Work required: Set down exactly the lines from the one containing "天眼查App显示,近日,广州" to the final line of the records below, with every picture omitted.

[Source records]
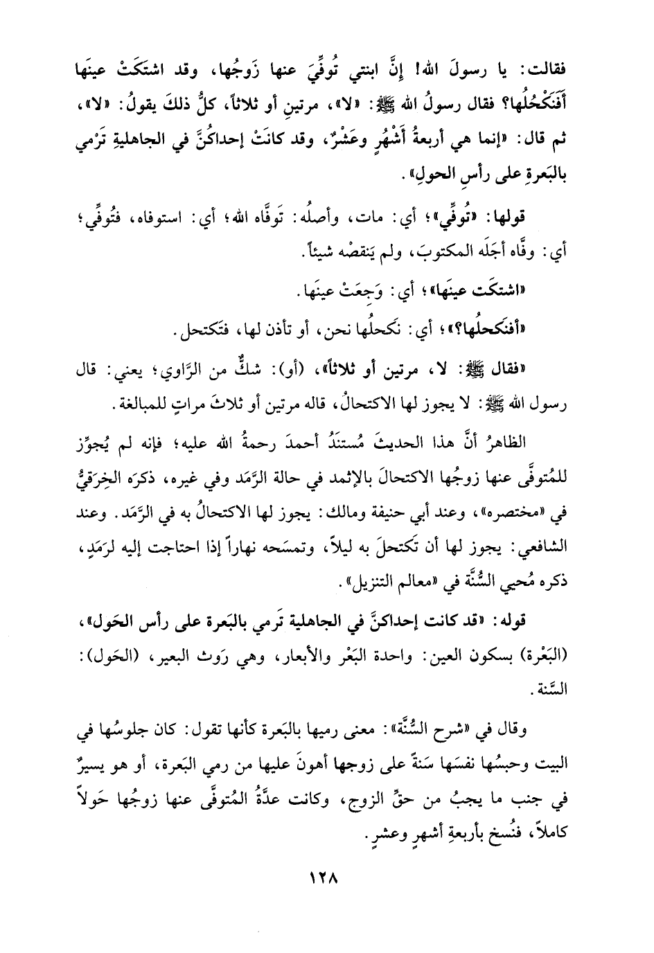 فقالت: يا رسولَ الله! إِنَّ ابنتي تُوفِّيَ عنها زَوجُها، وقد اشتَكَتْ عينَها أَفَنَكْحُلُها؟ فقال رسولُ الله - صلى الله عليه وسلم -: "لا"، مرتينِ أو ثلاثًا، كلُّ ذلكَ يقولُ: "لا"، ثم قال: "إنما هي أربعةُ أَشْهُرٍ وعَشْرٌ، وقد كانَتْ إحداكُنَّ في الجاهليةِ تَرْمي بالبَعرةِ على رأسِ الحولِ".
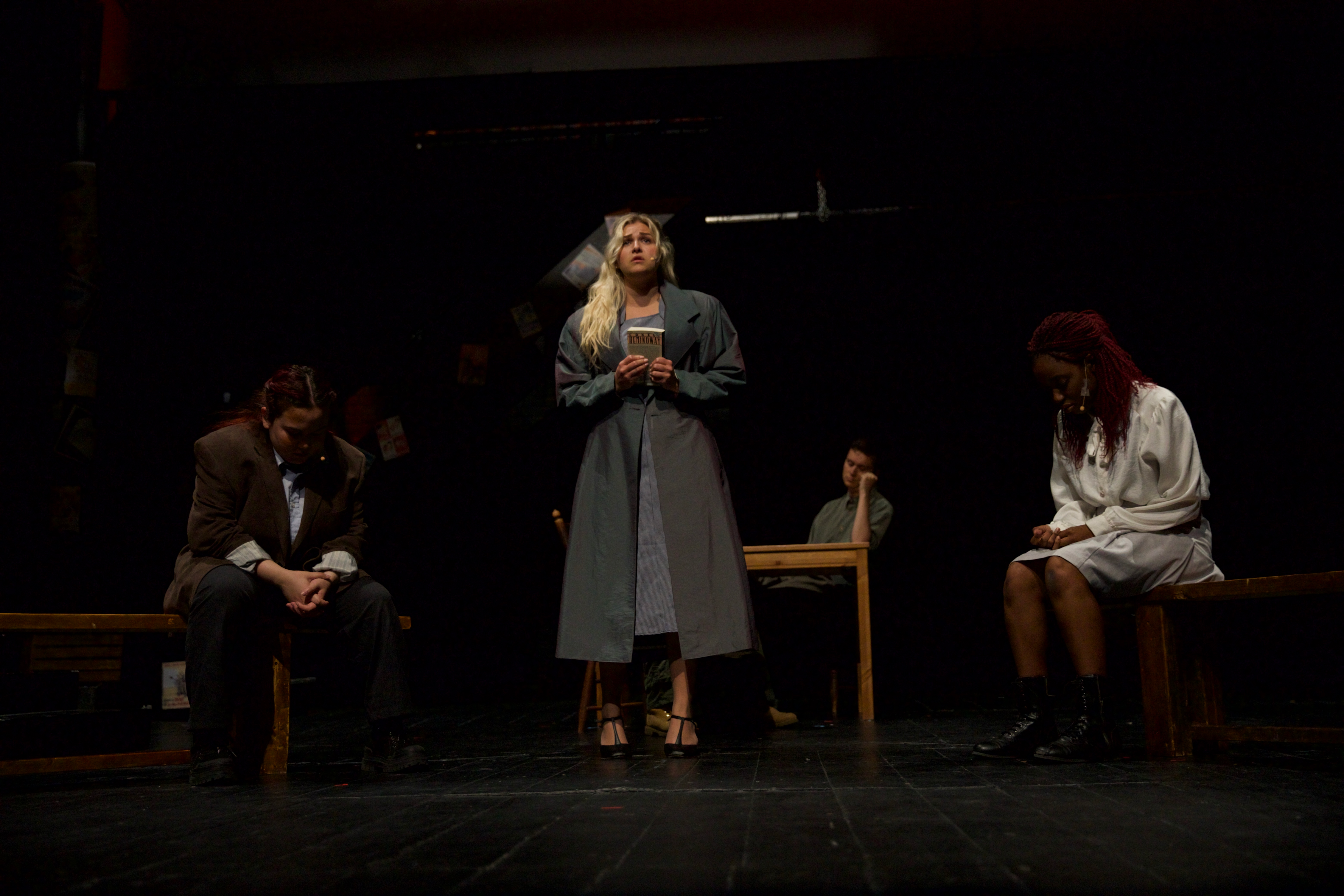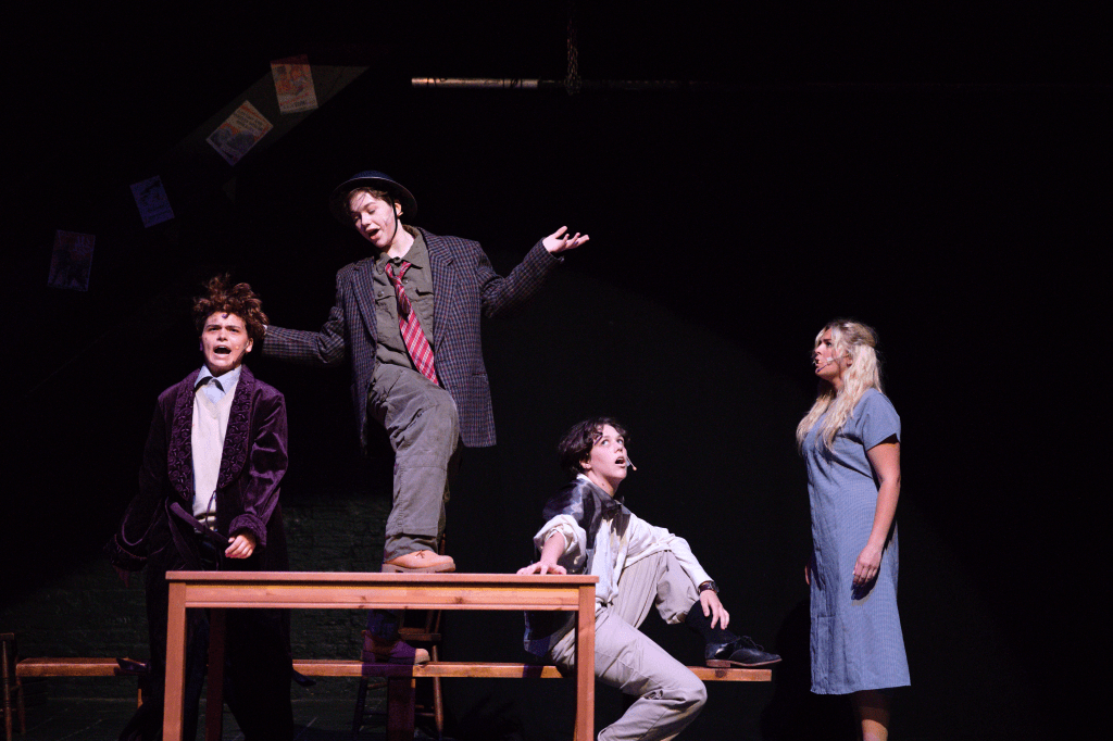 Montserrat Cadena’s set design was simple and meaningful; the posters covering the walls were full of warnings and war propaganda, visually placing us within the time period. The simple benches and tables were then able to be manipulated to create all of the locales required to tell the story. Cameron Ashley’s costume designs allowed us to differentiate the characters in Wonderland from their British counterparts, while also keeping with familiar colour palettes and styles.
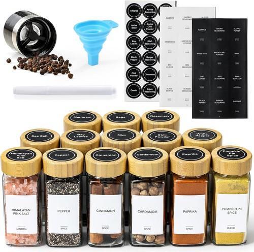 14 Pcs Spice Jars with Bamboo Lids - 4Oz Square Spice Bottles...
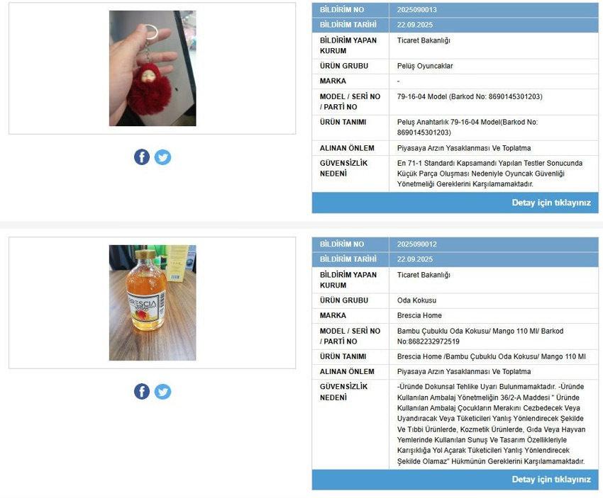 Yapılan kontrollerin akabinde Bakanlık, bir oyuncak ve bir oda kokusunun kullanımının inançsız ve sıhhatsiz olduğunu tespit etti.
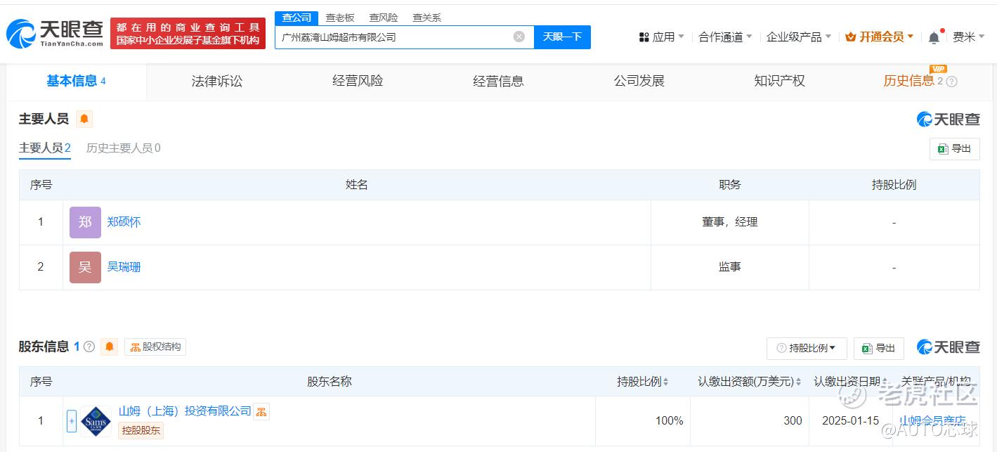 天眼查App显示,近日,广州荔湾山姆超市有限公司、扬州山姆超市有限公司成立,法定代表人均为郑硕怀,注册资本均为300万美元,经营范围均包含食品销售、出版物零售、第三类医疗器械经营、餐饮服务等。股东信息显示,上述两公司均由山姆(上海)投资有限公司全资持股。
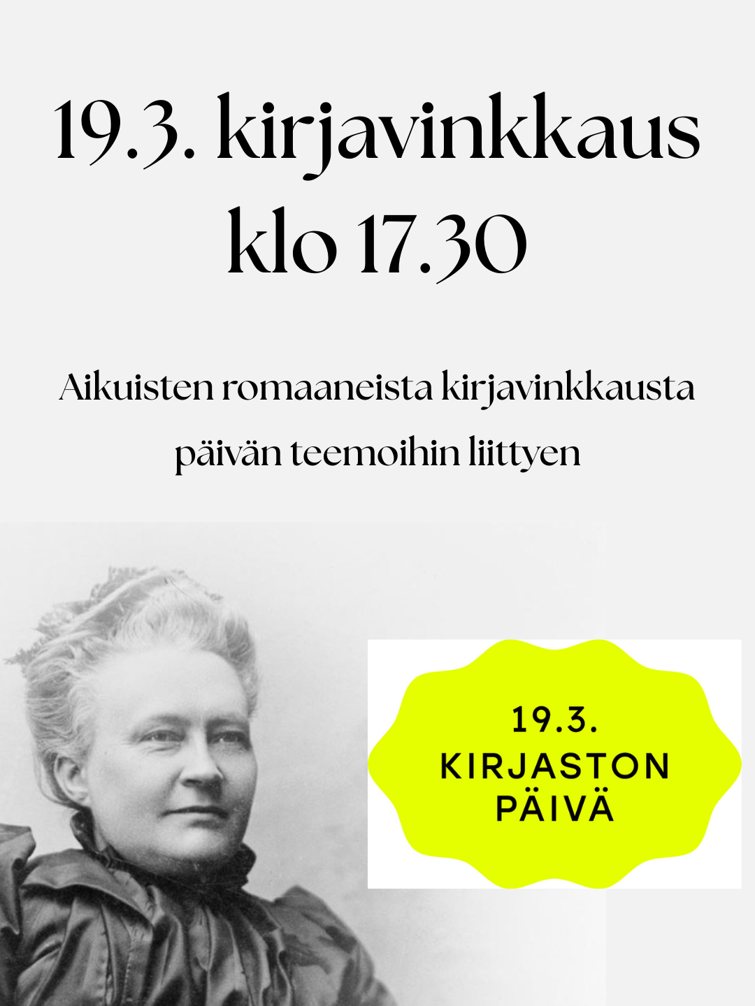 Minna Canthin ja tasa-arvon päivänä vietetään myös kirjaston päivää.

Exercise output:
 天眼查App显示,近日,广州荔湾山姆超市有限公司、扬州山姆超市有限公司成立,法定代表人均为郑硕怀,注册资本均为300万美元,经营范围均包含食品销售、出版物零售、第三类医疗器械经营、餐饮服务等。股东信息显示,上述两公司均由山姆(上海)投资有限公司全资持股。
 Minna Canthin ja tasa-arvon päivänä vietetään myös kirjaston päivää.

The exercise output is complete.